→ EXERCISE GOAL
Nothing but the lines from the one containing "- Tortoise/Gold (S36TGB)" through the end of the data should be retyped, exactly as they stand, and pictures should not be retyped.

→ INFORMATION PROVIDED
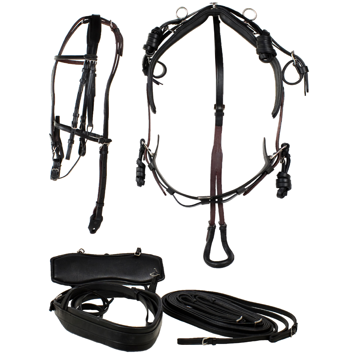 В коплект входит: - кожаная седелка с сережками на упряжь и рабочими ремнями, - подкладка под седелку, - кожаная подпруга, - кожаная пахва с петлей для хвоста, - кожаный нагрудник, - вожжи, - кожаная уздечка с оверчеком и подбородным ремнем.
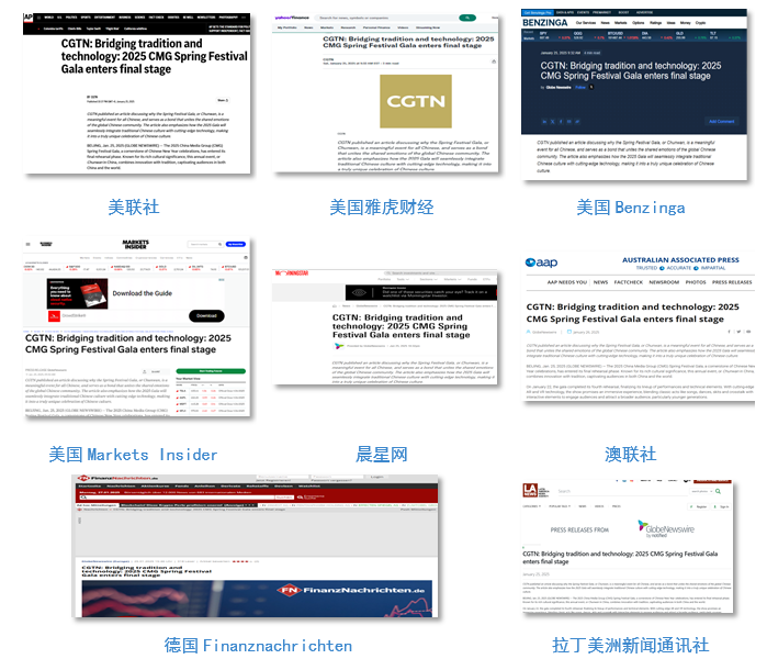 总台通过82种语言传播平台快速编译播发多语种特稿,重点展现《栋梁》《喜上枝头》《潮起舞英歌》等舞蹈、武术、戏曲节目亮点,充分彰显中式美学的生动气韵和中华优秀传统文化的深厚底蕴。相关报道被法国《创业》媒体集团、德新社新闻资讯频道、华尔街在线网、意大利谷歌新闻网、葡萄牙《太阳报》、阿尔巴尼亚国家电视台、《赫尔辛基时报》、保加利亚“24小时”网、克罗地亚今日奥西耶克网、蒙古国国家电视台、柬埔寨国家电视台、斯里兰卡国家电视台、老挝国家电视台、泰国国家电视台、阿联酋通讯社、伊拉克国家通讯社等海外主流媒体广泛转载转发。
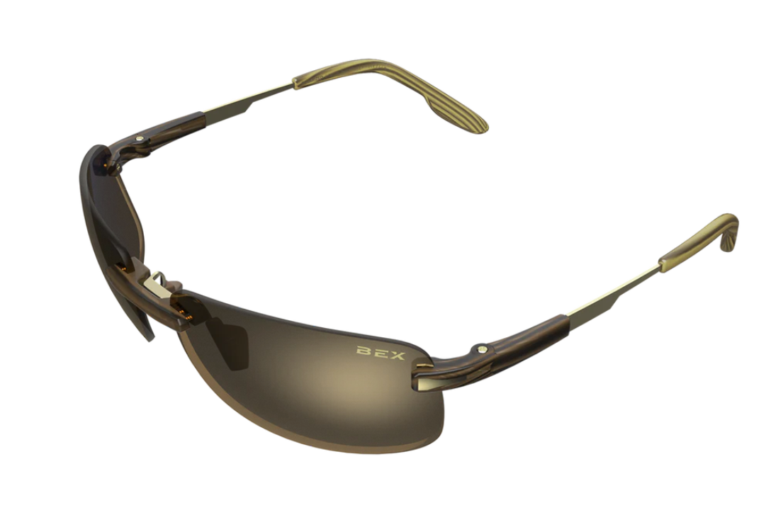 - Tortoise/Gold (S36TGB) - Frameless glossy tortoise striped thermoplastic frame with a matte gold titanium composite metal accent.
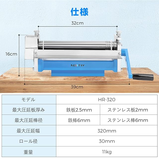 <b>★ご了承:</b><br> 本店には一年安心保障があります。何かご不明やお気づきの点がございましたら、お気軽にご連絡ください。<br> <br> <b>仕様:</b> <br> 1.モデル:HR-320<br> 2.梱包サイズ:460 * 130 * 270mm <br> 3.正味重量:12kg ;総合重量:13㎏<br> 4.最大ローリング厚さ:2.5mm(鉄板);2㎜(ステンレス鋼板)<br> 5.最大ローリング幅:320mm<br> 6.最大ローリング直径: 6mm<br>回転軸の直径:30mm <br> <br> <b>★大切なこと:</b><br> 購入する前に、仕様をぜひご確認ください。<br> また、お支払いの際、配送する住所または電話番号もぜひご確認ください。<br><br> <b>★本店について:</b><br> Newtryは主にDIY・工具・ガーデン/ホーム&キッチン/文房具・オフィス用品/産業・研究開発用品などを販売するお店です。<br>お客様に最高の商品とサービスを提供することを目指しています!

→ ANSWER TO THE EXERCISE
 - Tortoise/Gold (S36TGB) - Frameless glossy tortoise striped thermoplastic frame with a matte gold titanium composite metal accent.
 <b>★ご了承:</b><br> 本店には一年安心保障があります。何かご不明やお気づきの点がございましたら、お気軽にご連絡ください。<br> <br> <b>仕様:</b> <br> 1.モデル:HR-320<br> 2.梱包サイズ:460 * 130 * 270mm <br> 3.正味重量:12kg ;総合重量:13㎏<br> 4.最大ローリング厚さ:2.5mm(鉄板);2㎜(ステンレス鋼板)<br> 5.最大ローリング幅:320mm<br> 6.最大ローリング直径: 6mm<br>回転軸の直径:30mm <br> <br> <b>★大切なこと:</b><br> 購入する前に、仕様をぜひご確認ください。<br> また、お支払いの際、配送する住所または電話番号もぜひご確認ください。<br><br> <b>★本店について:</b><br> Newtryは主にDIY・工具・ガーデン/ホーム&キッチン/文房具・オフィス用品/産業・研究開発用品などを販売するお店です。<br>お客様に最高の商品とサービスを提供することを目指しています!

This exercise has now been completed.